■ **WHAT TO PRODUCE**
Without the pictures, can you quote each line below exactly?
[[ INFORMATION SUPPLIED, beginning ]]
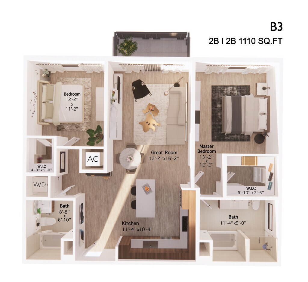 2 Dormitorios, 2 Baños, 1082 pies²Disponible AhoraGalería del Modelo
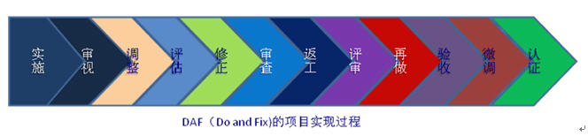 我国从建国到70年代末期以来,一直受到西方国家的制裁,未能与国外的专家进行交流和学习。这段期间,我国的专家在建立目标后只能够从摸索的过程中达到科研的成果(例如原子弹试爆),这些项目的实施过程包括无数次的尝试制作,修改,再制作,拆舍,重组,再修改等不同方法,一直到项目的结果可以不再需要修改,能够达到目标,被接受后才停止下来。然后再朝另一个目标采用同样的摸索过程进行另一个项目的交付,这个摸索式的实施过程我姑且把它称作“Do and Fix”(或简称 “DAF”)体系。
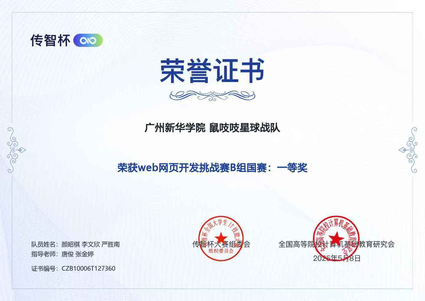 Web开发国赛一等奖证书
[[ INFORMATION SUPPLIED, end ]]
■ **THE COMPLETED TASK**
 2 Dormitorios, 2 Baños, 1082 pies²Disponible AhoraGalería del Modelo
 我国从建国到70年代末期以来,一直受到西方国家的制裁,未能与国外的专家进行交流和学习。这段期间,我国的专家在建立目标后只能够从摸索的过程中达到科研的成果(例如原子弹试爆),这些项目的实施过程包括无数次的尝试制作,修改,再制作,拆舍,重组,再修改等不同方法,一直到项目的结果可以不再需要修改,能够达到目标,被接受后才停止下来。然后再朝另一个目标采用同样的摸索过程进行另一个项目的交付,这个摸索式的实施过程我姑且把它称作“Do and Fix”(或简称 “DAF”)体系。
 Web开发国赛一等奖证书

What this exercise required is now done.